◆ **Information given**:
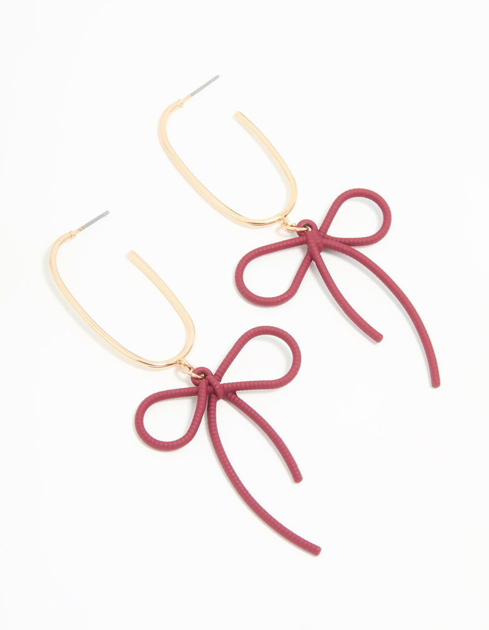 • Gold Burgundy Bow Drop Earrings - link has visual effect only
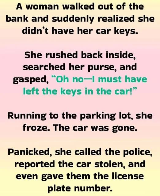 A woman walked out of the bank and suddenly realized she didn’t have her car keys. She rushed back inside, searched her purse, and gasped, “Oh no—I must have left the keys in the car!”
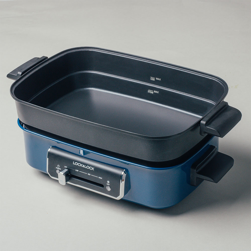 Nồi điện đa năng Lock&Lock 2.5L EJG556, Hàng chính hãng, 3trong1 nướng, hấp, nấu, Làm nóng nhanh, Dễ chỉnh nhiệt-JoyMall THÔNG TIN SẢN PHẨM Chất liệu: Cold tie plate, Tấm nhôm, Nhôm, PET Màu: xanh navy Dung tích: 2,5L Sản xuất tại: Trung Quốc Xuất xứ thương hiệu: Hàn Quốc Kích thước nồi: 415x253x229mm TÍNH NĂNG NỔI BẬT
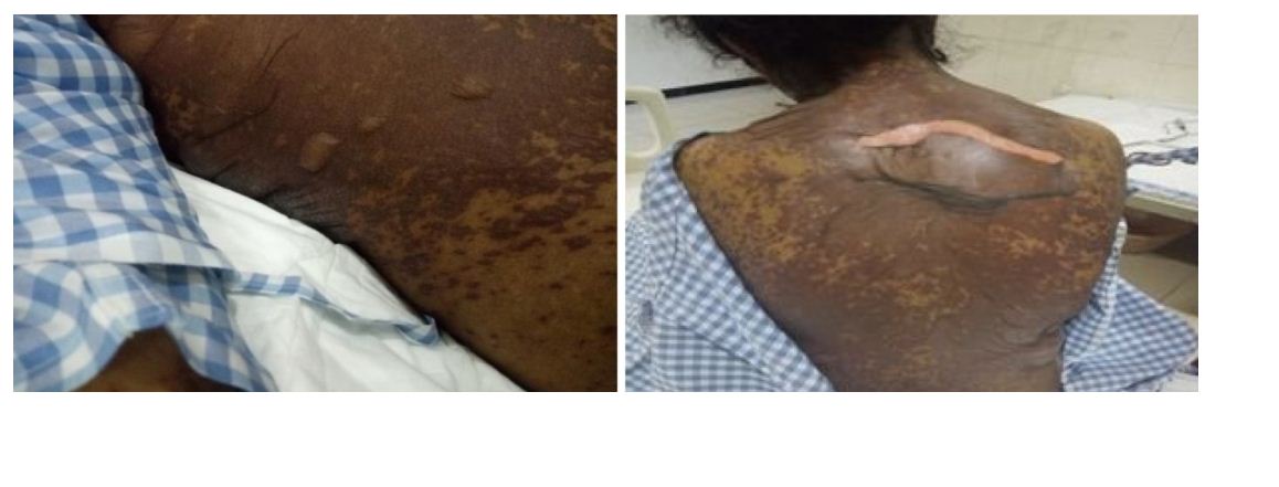There was no history of any drug intake in the last 4 months. There was photosensitivity and increased severity of joint pains. No history suggestive of Raynauds. On there is evidence of eyelid edema with erythema and crusting [1], vesiculobullous rash over trunk, extremities, orogenital regions, rash over face on clinical examination (Figure 2). Tachycardia and tachypnea and high blood pressure, were recorded.
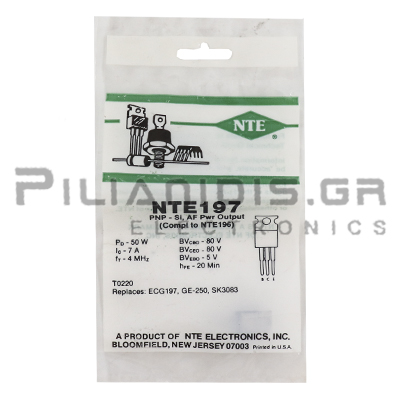 Transistor PNP Vceo:-80V Ic:-7A Pc:50W 10MHz TO-220
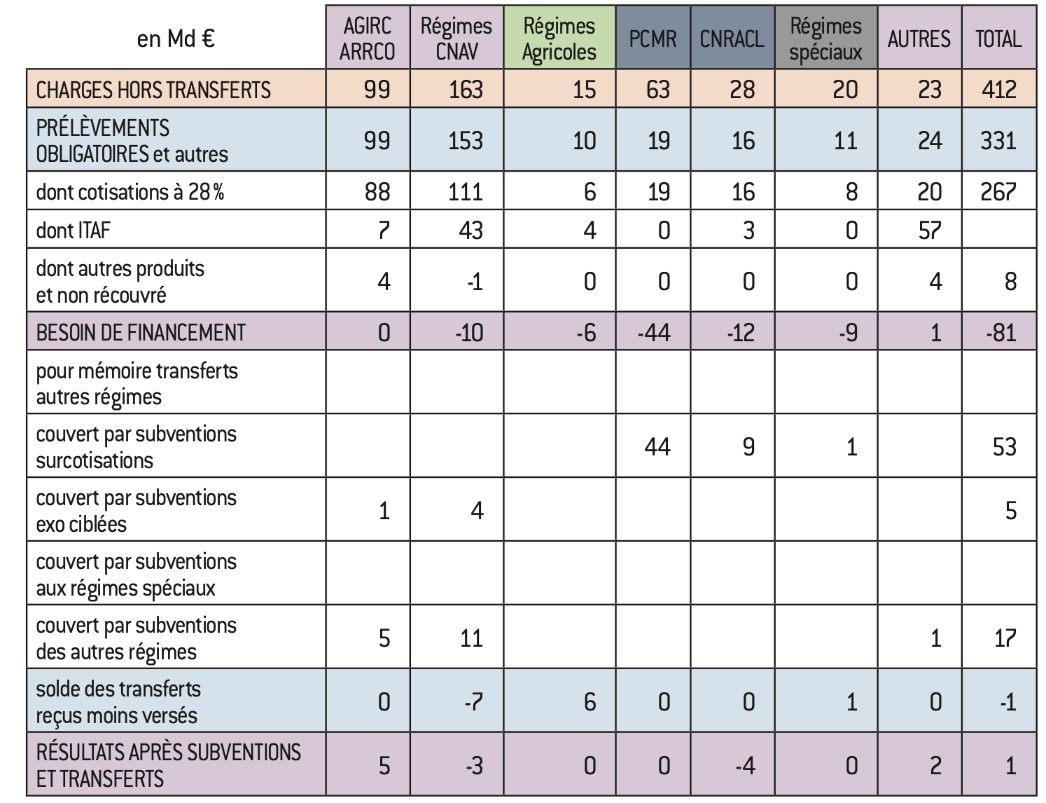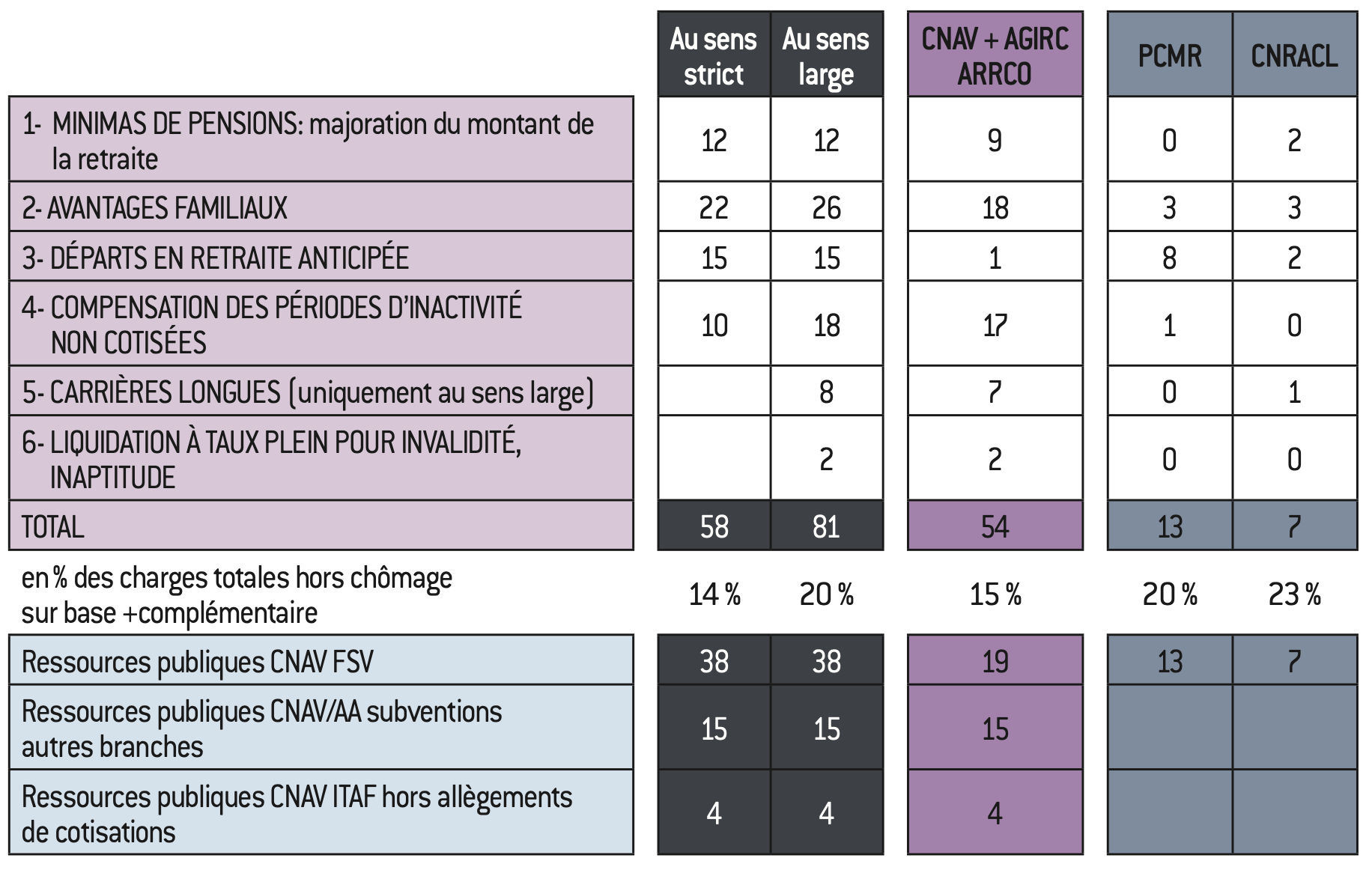 Tableau 1 : Financement d’ensemble des retraites
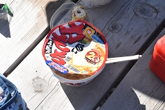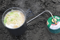 箒杉沢を渡り河原で昼食にする。降りの緊張感も此処ですっかり解けて野菜入りの暖かいインスタントラーメンを綺麗な川の水で茹でて作り食べ体も体内から温まる。予報どうり青空になって来て陽も射して来て震えることなく河原での食事休憩が出来る。
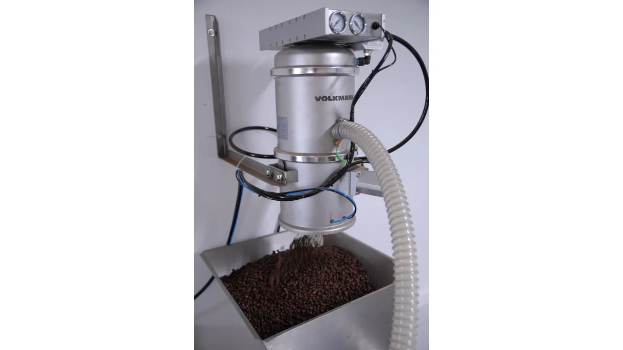 A pneumatic vacuum conveyor transfers coffee beans up and into a hopper for grinding. Volkmann conveying systems use stainless steel as standard to excel in food, pharmaceutical, and other sanitary processes.

◆ **Work to be completed**: Leaving out the pictures, restate word for word the lines above from the one containing "Transistor PNP Vceo:-80V" through the end of the records, both ends included.

◆ **Response area**:
 Transistor PNP Vceo:-80V Ic:-7A Pc:50W 10MHz TO-220
 Tableau 1 : Financement d’ensemble des retraites
 箒杉沢を渡り河原で昼食にする。降りの緊張感も此処ですっかり解けて野菜入りの暖かいインスタントラーメンを綺麗な川の水で茹でて作り食べ体も体内から温まる。予報どうり青空になって来て陽も射して来て震えることなく河原での食事休憩が出来る。
 A pneumatic vacuum conveyor transfers coffee beans up and into a hopper for grinding. Volkmann conveying systems use stainless steel as standard to excel in food, pharmaceutical, and other sanitary processes.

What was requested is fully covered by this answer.